Improving the Parallelism of Ultrasoft Pseudopotential Calculations within the CPMD code

Applicant

Prof. Dr. Bernd Meyer
Interdisciplinary Center for Molecular Materials (ICMM)
and Computer Chemistry Center (CCC)
Friedrich-Alexander Universität Erlangen-Nürnberg

Project Summary

We have revised the ultrasoft pseudopotential (USPP) branch of the ab initio molecular dynamics code CPMD. The most important improvements are: (i) A hybrid MPI+OpenMP parallelization has been added to all USPP-specific routines. (ii) Overlapping computation and communication is now used in the most communication-intensive routines. The necessary partitioning of the workload is optimized by auto-tuning algorithms. (iii) The largest global MPI Allreduce operations are replaced by highly tuned node-local parallelized operations using MPI shared-memory windows to avoid inter-node communication. (iv) By introducing a batched algorithm, the throughput of the MPI Alltoall communication and the scalability of the multiple 3d-FFTs are highly improved, which is also beneficial for the norm-conserving pseudopotential (NCPP) code branch of CPMD.

Performance improvement for the USPP (solid) and NCPP (dashed) code branch of CPMD for a benchmark simulation with 256 water molecules on SuperMUC-NG. Blue lines show the old and green the new revised implementation. 50 % efficiency is shown by gray dashed lines.

The enhanced performance and scalability of CPMD are demonstrated on SuperMUC-NG at LRZ Garching for the example of a simulation with 256 water molecules. For a single node (48 cores), the revised USPP implementation outperforms the old code by a factor of 2.5. Already at 6 nodes, the parallel efficiency of the old USPP code drops below 50 %, which is often considered a threshold to use the HPC facilities at computing centers. The new code stays above this threshold up to 32 nodes and outperforms the old code by more than an order of magnitude. The achieved performance is about 55 ps of simulation time per day or less than 0.23 s per MD step.

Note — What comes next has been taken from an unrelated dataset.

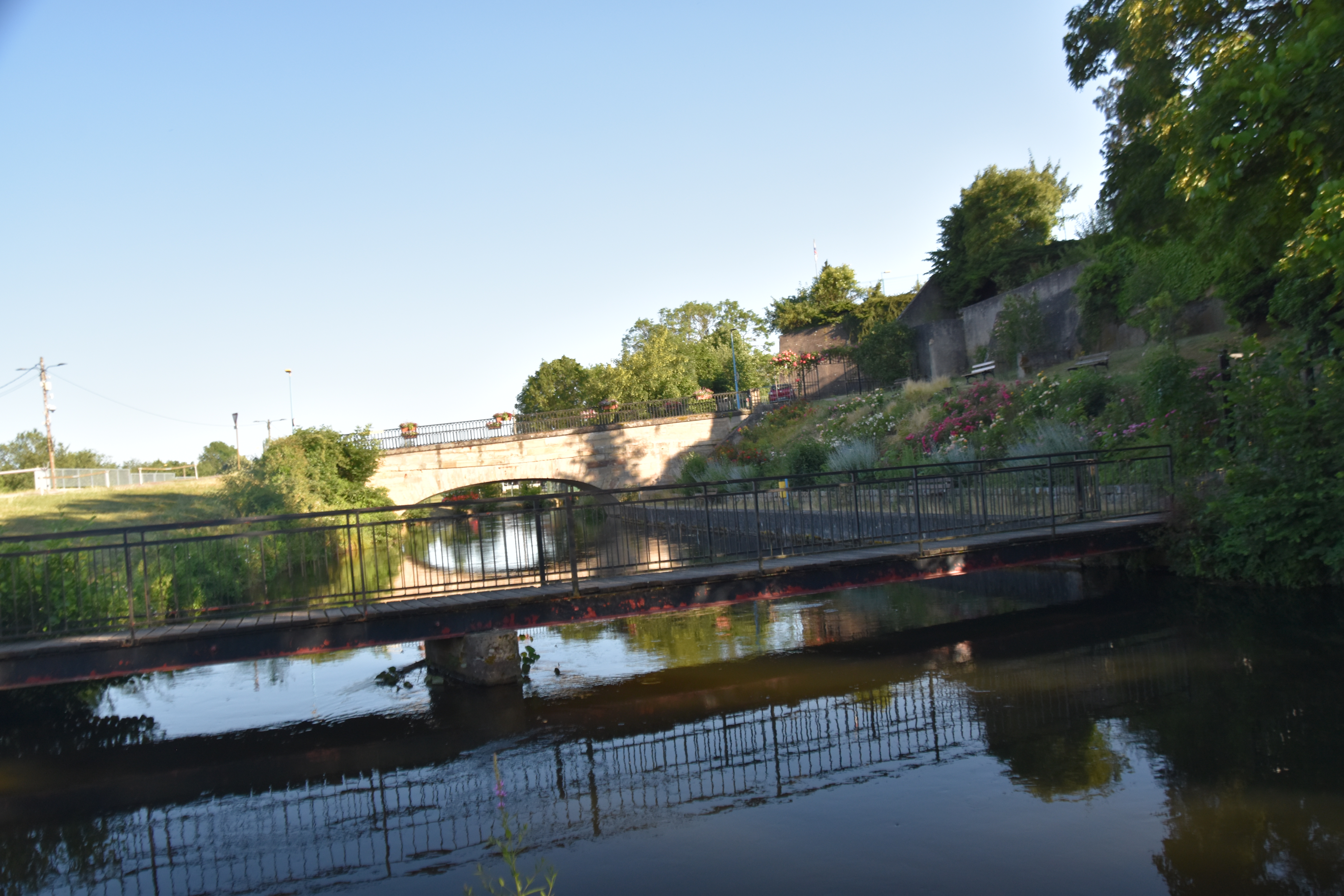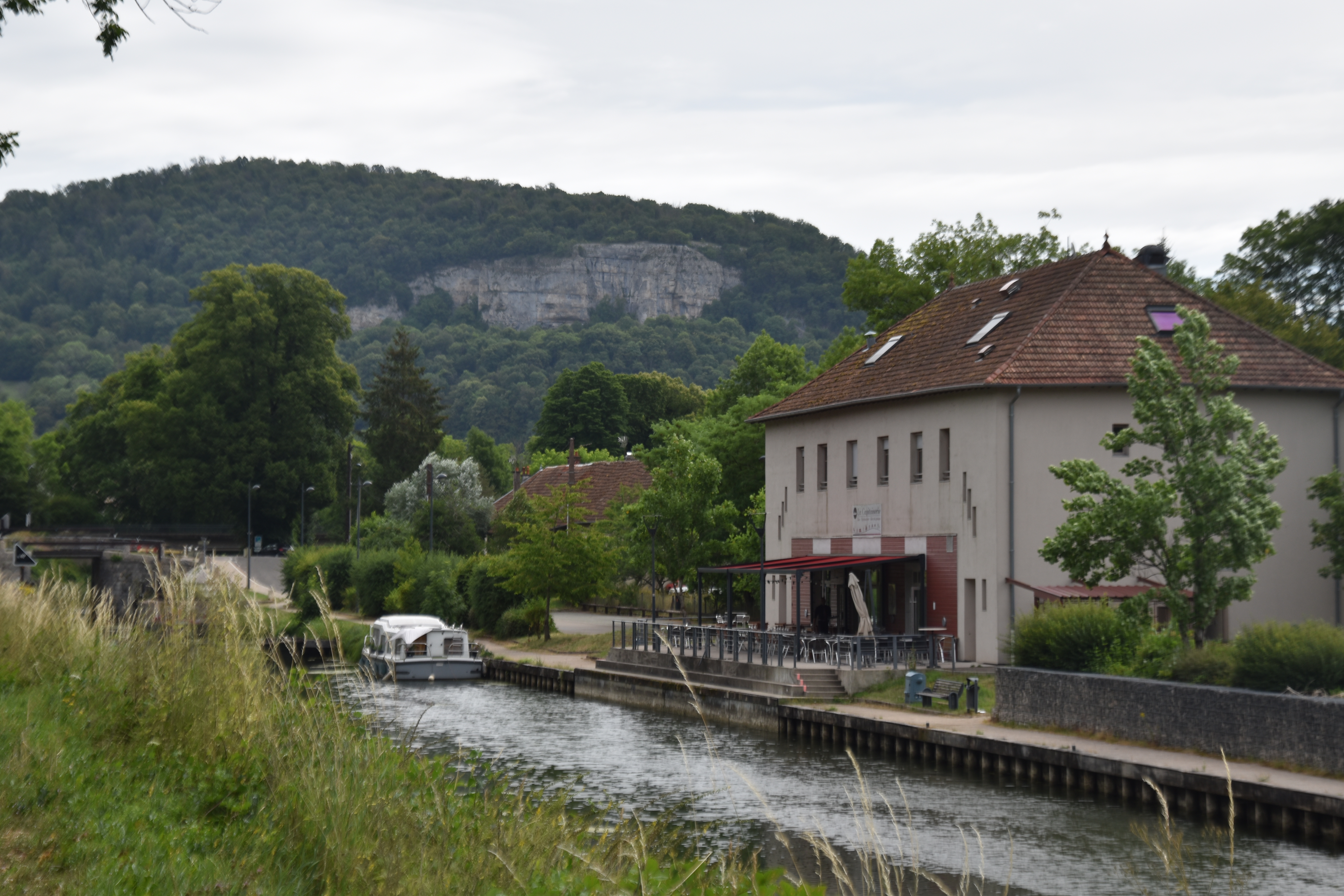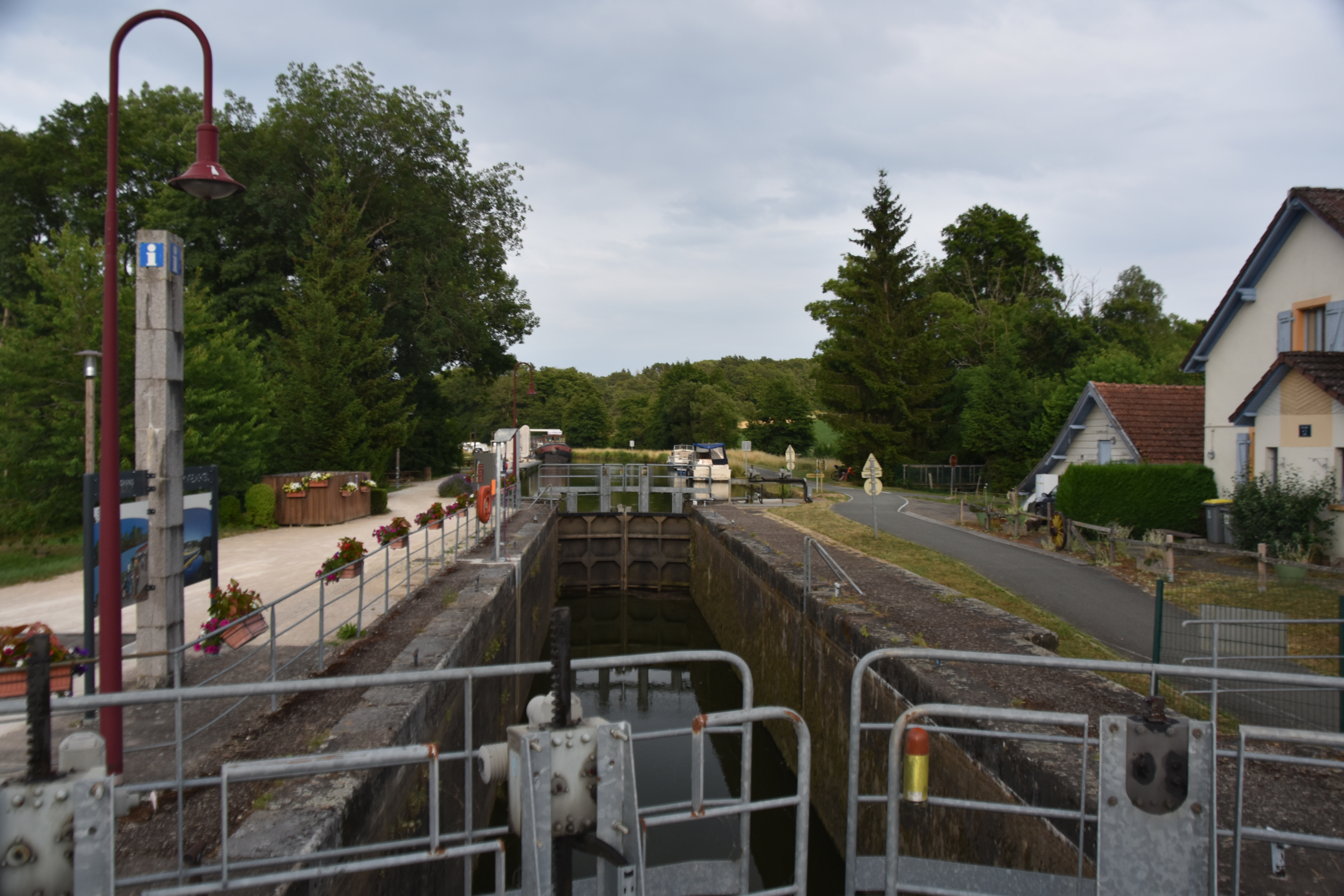 One the same canal at a different lock, which is open at both ends because the water level is so low! The “Capitainery” is now a restaraunt and on the other side of the canal there is a bridge over the doubs.

The NCPP calculations also benefit from our new batched FFT. For node counts up to 12, the performance improvement of the NCPP code branch is about 30 % and increases to more than 50 % at 108 nodes due the almost ideal scaling of the new FFT algorithm. While the old USPP implementation was faster than NCPP only up to 4 nodes, it now outperforms NCPP for all node counts by about a factor of 5. This is close to the maximum possible speed-up of 5.7, which is determined by the ratio of the used plane wave basis functions.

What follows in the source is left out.